# What the task requires
Could you print the stretch of lines below from the one with "Foto tomada en" through the one with "なじよもん友の会主催「Myコレクション展」", exactly as they stand and without any pictures?

──────── Extracted material ────────

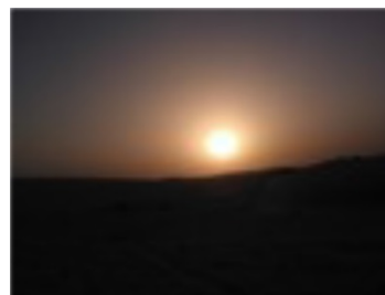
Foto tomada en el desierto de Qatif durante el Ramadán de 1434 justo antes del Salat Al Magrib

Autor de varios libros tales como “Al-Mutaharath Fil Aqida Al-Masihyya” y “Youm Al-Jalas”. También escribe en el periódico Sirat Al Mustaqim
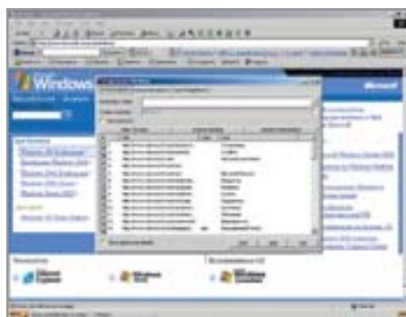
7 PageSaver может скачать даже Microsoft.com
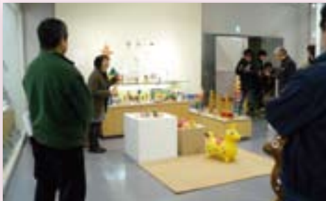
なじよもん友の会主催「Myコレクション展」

────────
──────── Extracted material ────────

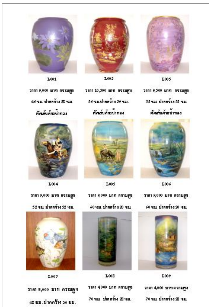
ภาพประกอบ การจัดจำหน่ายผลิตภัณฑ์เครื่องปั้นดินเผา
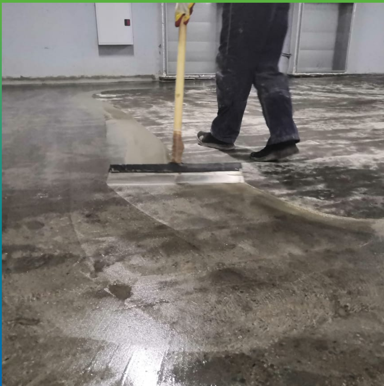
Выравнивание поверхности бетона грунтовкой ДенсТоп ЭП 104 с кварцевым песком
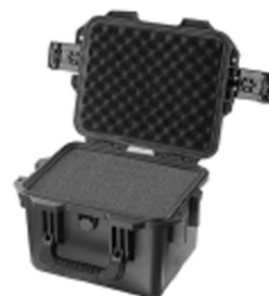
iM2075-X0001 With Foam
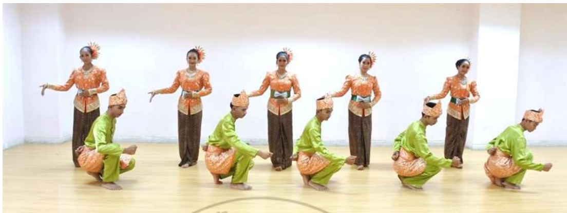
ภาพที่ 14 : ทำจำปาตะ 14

────────
──────── Extracted material ────────

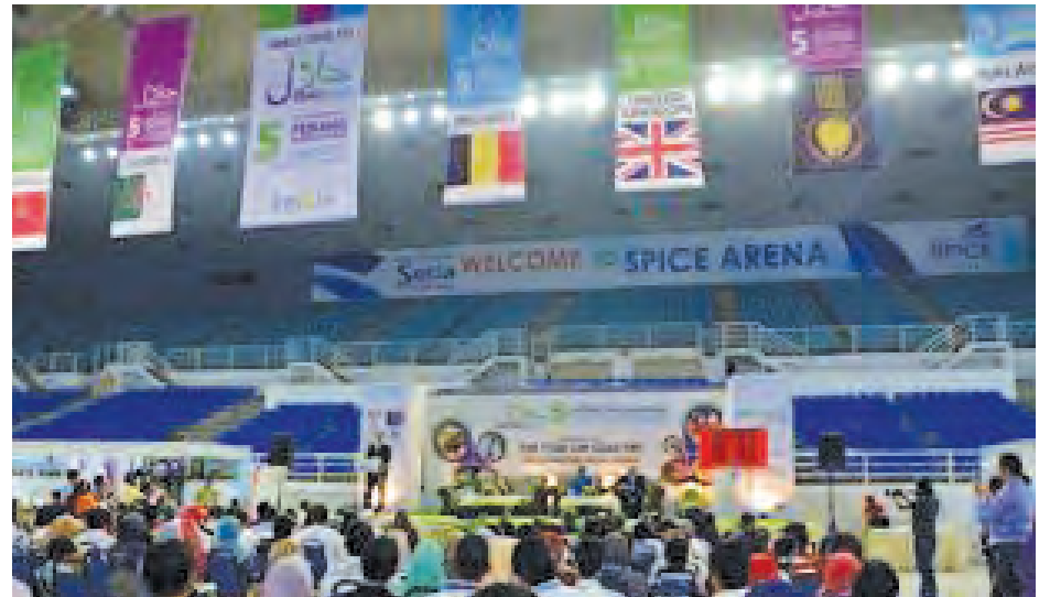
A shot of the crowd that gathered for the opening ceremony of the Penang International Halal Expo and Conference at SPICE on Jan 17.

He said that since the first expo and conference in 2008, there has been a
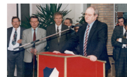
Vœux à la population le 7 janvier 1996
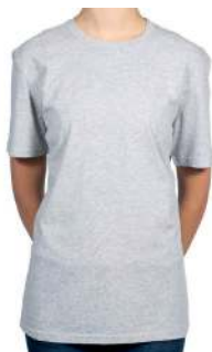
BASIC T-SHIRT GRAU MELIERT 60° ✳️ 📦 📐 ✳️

────────

# Finished task
Foto tomada en el desierto de Qatif durante el Ramadán de 1434 justo antes del Salat Al Magrib

Autor de varios libros tales como “Al-Mutaharath Fil Aqida Al-Masihyya” y “Youm Al-Jalas”. También escribe en el periódico Sirat Al Mustaqim
7 PageSaver может скачать даже Microsoft.com
なじよもん友の会主催「Myコレクション展」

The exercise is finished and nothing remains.